I am using sklearn.svm.svc from scikit-learn to do binary classification. I am using its predict_proba() function to get probability estimates. Can anyone tell me how predict_proba() internally calculates the probability?
Scikit-learn uses LibSVM internally, and this in turn uses Platt scaling, as detailed in this note by the LibSVM authors, to calibrate the SVM to produce probabilities in addition to class predictions.
Platt scaling requires first training the SVM as usual, then optimizing parameter vectors A and B such that
P(y|X) = 1 / (1 + exp(A * f(X) + B))
where f(X) is the signed distance of a sample from the hyperplane (scikit-learn's decision_function method). You may recognize the logistic sigmoid in this definition, the same function that logistic regression and neural nets use for turning decision functions into probability estimates.
Mind you: the B parameter, the "intercept" or "bias" or whatever you like to call it, can cause predictions based on probability estimates from this model to be inconsistent with the ones you get from the SVM decision function f. E.g. suppose that f(X) = 10, then the prediction for X is positive; but if B = -9.9 and A = 1, then P(y|X) = .475. I'm pulling these numbers out of thin air, but you've noticed that this can occur in practice.
Effectively, Platt scaling trains a probability model on top of the SVM's outputs under a cross-entropy loss function.
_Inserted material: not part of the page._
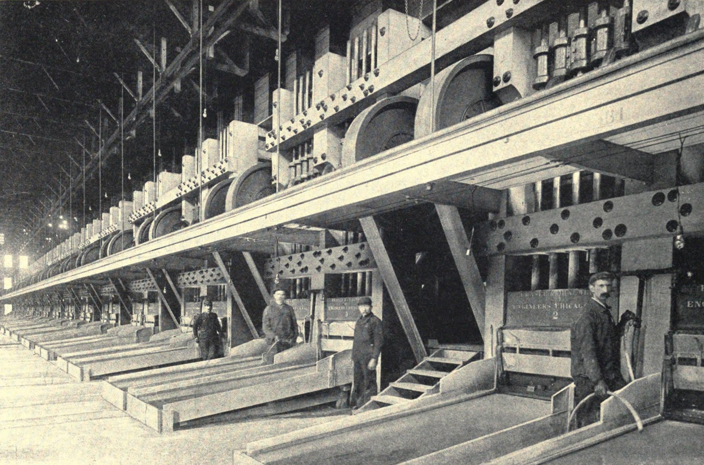 A large stamp mill used to crush gold ore at the Treadwell mine in Alaska. Compare File:Földrajzi Közlemények 1902-XXX-IV, Treadwell aranybánya (aranymosó).jpg where this or a similar setup is photographed in or after use. The present photograph is probably much older than its publication date and looks like it might be from the inauguration of the mill.

To prevent this model from overfitting, it uses an internal five-fold cross validation, meaning that training SVMs with probability=True can be quite a lot more expensive than a vanilla, non-probabilistic SVM.
Actually I found a slightly different answer that they used this code to convert decision value to probability
'double fApB = decision_value*A+B;
if (fApB >= 0)
return Math.exp(-fApB)/(1.0+Math.exp(-fApB));
else
return 1.0/(1+Math.exp(fApB)) ;'
Here A and B values can be found in the model file (probA and probB).
It offers a way to convert probability to decision value and thus to hinge loss.
Use that ln(0) = -200.